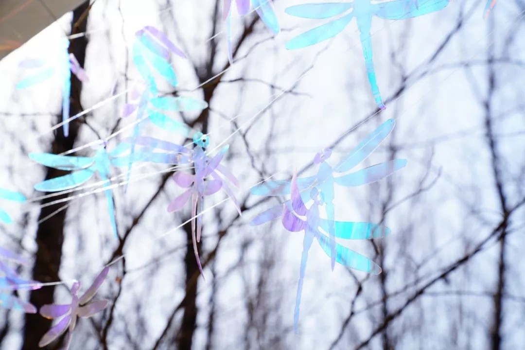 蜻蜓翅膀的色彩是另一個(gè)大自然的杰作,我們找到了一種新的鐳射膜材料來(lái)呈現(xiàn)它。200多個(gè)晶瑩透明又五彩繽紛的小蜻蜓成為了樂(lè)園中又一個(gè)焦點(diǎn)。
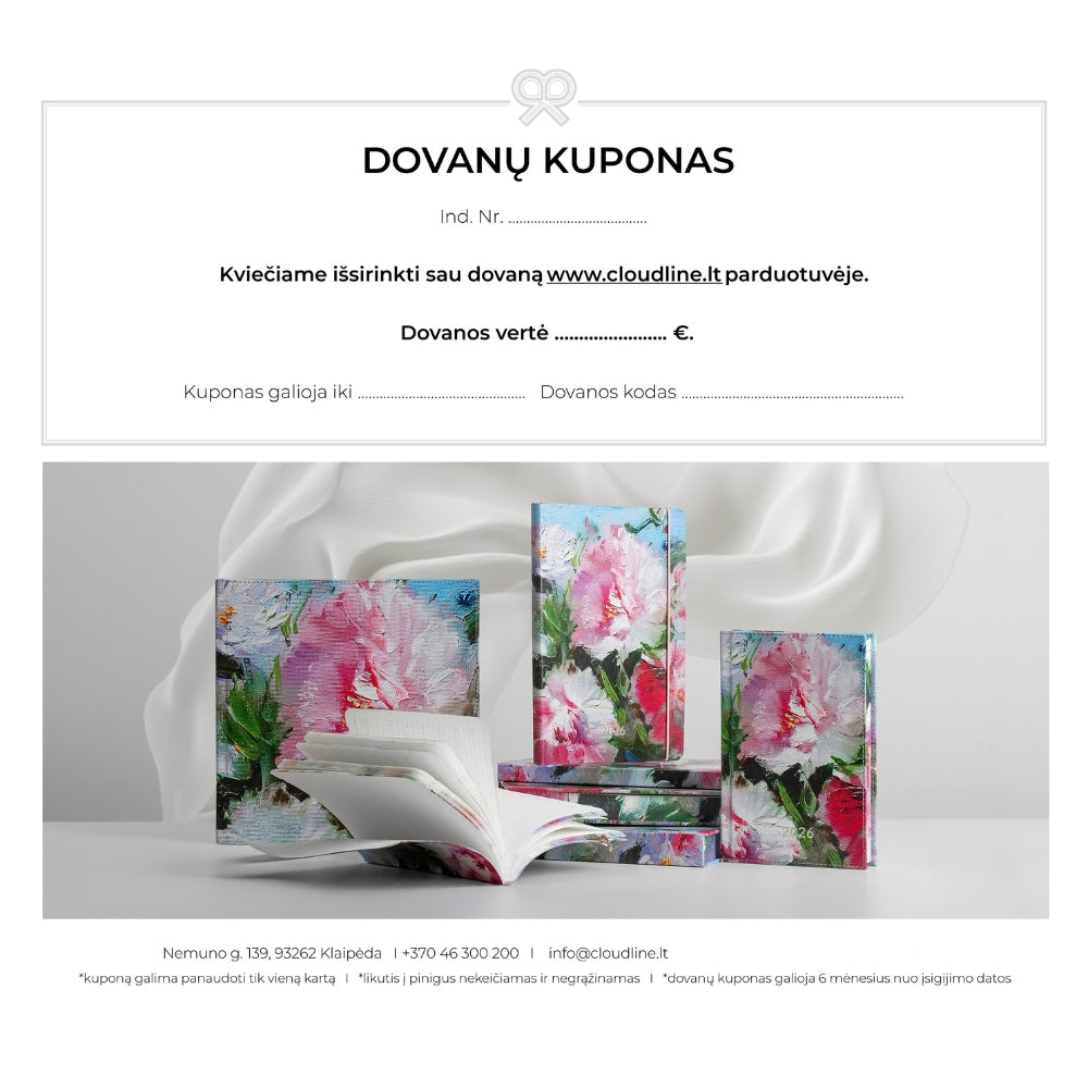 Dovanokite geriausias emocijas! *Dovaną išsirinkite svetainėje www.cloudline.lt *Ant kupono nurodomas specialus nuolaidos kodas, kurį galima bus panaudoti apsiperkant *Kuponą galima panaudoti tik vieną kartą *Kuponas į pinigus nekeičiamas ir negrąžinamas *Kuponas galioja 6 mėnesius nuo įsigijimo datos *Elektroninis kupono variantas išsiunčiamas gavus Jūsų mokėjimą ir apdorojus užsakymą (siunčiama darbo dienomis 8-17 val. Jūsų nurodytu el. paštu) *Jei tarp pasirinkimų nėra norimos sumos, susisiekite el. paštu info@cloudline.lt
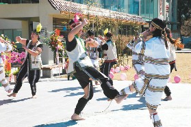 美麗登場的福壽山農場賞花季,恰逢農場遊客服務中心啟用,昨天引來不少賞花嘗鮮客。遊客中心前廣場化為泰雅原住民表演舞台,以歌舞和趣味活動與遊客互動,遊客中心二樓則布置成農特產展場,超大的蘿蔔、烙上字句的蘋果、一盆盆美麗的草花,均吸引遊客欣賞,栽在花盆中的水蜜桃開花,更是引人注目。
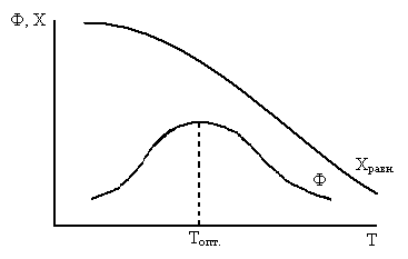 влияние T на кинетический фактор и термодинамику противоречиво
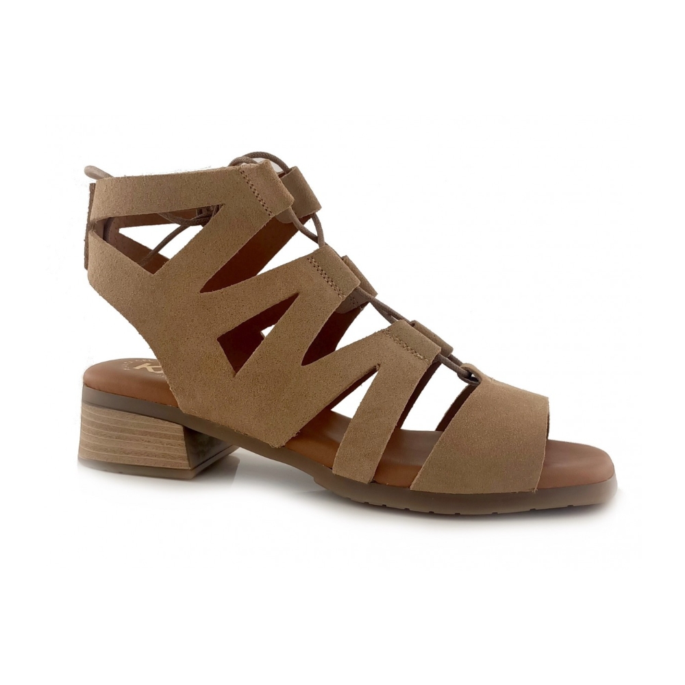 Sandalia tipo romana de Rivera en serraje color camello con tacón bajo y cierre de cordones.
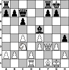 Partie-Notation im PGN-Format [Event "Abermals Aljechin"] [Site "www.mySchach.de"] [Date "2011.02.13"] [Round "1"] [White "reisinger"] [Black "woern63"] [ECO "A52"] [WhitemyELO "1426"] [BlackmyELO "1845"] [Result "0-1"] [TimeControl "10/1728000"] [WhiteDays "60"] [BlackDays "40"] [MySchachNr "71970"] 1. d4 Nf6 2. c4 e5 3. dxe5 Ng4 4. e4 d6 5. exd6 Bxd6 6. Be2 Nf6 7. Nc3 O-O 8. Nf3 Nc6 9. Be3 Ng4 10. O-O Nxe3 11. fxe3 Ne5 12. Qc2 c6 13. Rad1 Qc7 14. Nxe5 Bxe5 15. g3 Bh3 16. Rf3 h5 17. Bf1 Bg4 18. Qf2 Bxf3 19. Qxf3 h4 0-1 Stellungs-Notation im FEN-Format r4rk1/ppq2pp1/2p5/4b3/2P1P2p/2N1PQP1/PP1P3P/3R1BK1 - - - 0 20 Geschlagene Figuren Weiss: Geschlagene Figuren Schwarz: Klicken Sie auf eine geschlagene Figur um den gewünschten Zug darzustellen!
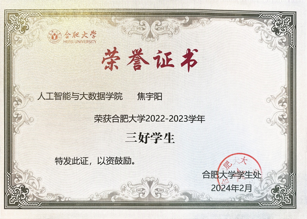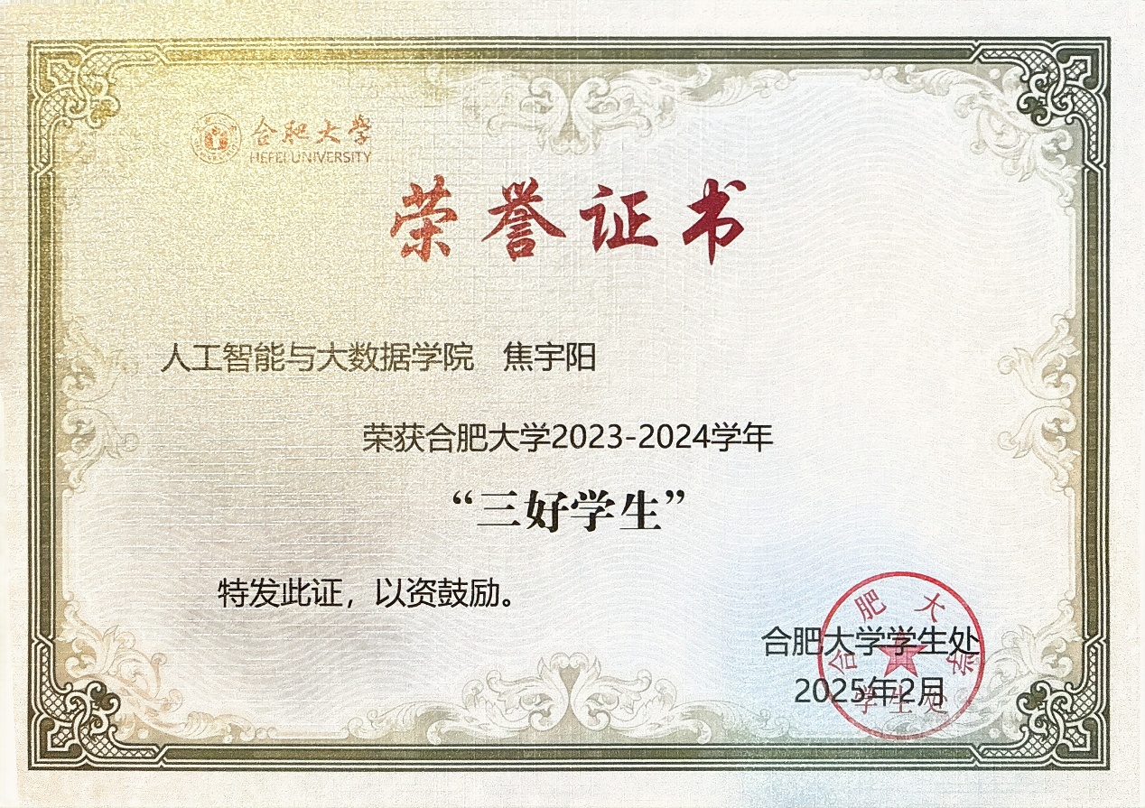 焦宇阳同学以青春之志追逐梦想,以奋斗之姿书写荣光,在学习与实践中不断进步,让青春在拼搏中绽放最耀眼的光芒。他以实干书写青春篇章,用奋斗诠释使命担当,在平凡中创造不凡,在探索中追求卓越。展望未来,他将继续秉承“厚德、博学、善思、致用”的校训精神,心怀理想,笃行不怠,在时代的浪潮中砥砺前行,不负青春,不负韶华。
+++++
### Exercise brief
Everything in the material above must be repeated exactly, apart from its pictures.

### Your response
 蜻蜓翅膀的色彩是另一個(gè)大自然的杰作,我們找到了一種新的鐳射膜材料來(lái)呈現(xiàn)它。200多個(gè)晶瑩透明又五彩繽紛的小蜻蜓成為了樂(lè)園中又一個(gè)焦點(diǎn)。
 Dovanokite geriausias emocijas! *Dovaną išsirinkite svetainėje www.cloudline.lt *Ant kupono nurodomas specialus nuolaidos kodas, kurį galima bus panaudoti apsiperkant *Kuponą galima panaudoti tik vieną kartą *Kuponas į pinigus nekeičiamas ir negrąžinamas *Kuponas galioja 6 mėnesius nuo įsigijimo datos *Elektroninis kupono variantas išsiunčiamas gavus Jūsų mokėjimą ir apdorojus užsakymą (siunčiama darbo dienomis 8-17 val. Jūsų nurodytu el. paštu) *Jei tarp pasirinkimų nėra norimos sumos, susisiekite el. paštu info@cloudline.lt
 美麗登場的福壽山農場賞花季,恰逢農場遊客服務中心啟用,昨天引來不少賞花嘗鮮客。遊客中心前廣場化為泰雅原住民表演舞台,以歌舞和趣味活動與遊客互動,遊客中心二樓則布置成農特產展場,超大的蘿蔔、烙上字句的蘋果、一盆盆美麗的草花,均吸引遊客欣賞,栽在花盆中的水蜜桃開花,更是引人注目。
 влияние T на кинетический фактор и термодинамику противоречиво
 Sandalia tipo romana de Rivera en serraje color camello con tacón bajo y cierre de cordones.
 Partie-Notation im PGN-Format [Event "Abermals Aljechin"] [Site "www.mySchach.de"] [Date "2011.02.13"] [Round "1"] [White "reisinger"] [Black "woern63"] [ECO "A52"] [WhitemyELO "1426"] [BlackmyELO "1845"] [Result "0-1"] [TimeControl "10/1728000"] [WhiteDays "60"] [BlackDays "40"] [MySchachNr "71970"] 1. d4 Nf6 2. c4 e5 3. dxe5 Ng4 4. e4 d6 5. exd6 Bxd6 6. Be2 Nf6 7. Nc3 O-O 8. Nf3 Nc6 9. Be3 Ng4 10. O-O Nxe3 11. fxe3 Ne5 12. Qc2 c6 13. Rad1 Qc7 14. Nxe5 Bxe5 15. g3 Bh3 16. Rf3 h5 17. Bf1 Bg4 18. Qf2 Bxf3 19. Qxf3 h4 0-1 Stellungs-Notation im FEN-Format r4rk1/ppq2pp1/2p5/4b3/2P1P2p/2N1PQP1/PP1P3P/3R1BK1 - - - 0 20 Geschlagene Figuren Weiss: Geschlagene Figuren Schwarz: Klicken Sie auf eine geschlagene Figur um den gewünschten Zug darzustellen!
 焦宇阳同学以青春之志追逐梦想,以奋斗之姿书写荣光,在学习与实践中不断进步,让青春在拼搏中绽放最耀眼的光芒。他以实干书写青春篇章,用奋斗诠释使命担当,在平凡中创造不凡,在探索中追求卓越。展望未来,他将继续秉承“厚德、博学、善思、致用”的校训精神,心怀理想,笃行不怠,在时代的浪潮中砥砺前行,不负青春,不负韶华。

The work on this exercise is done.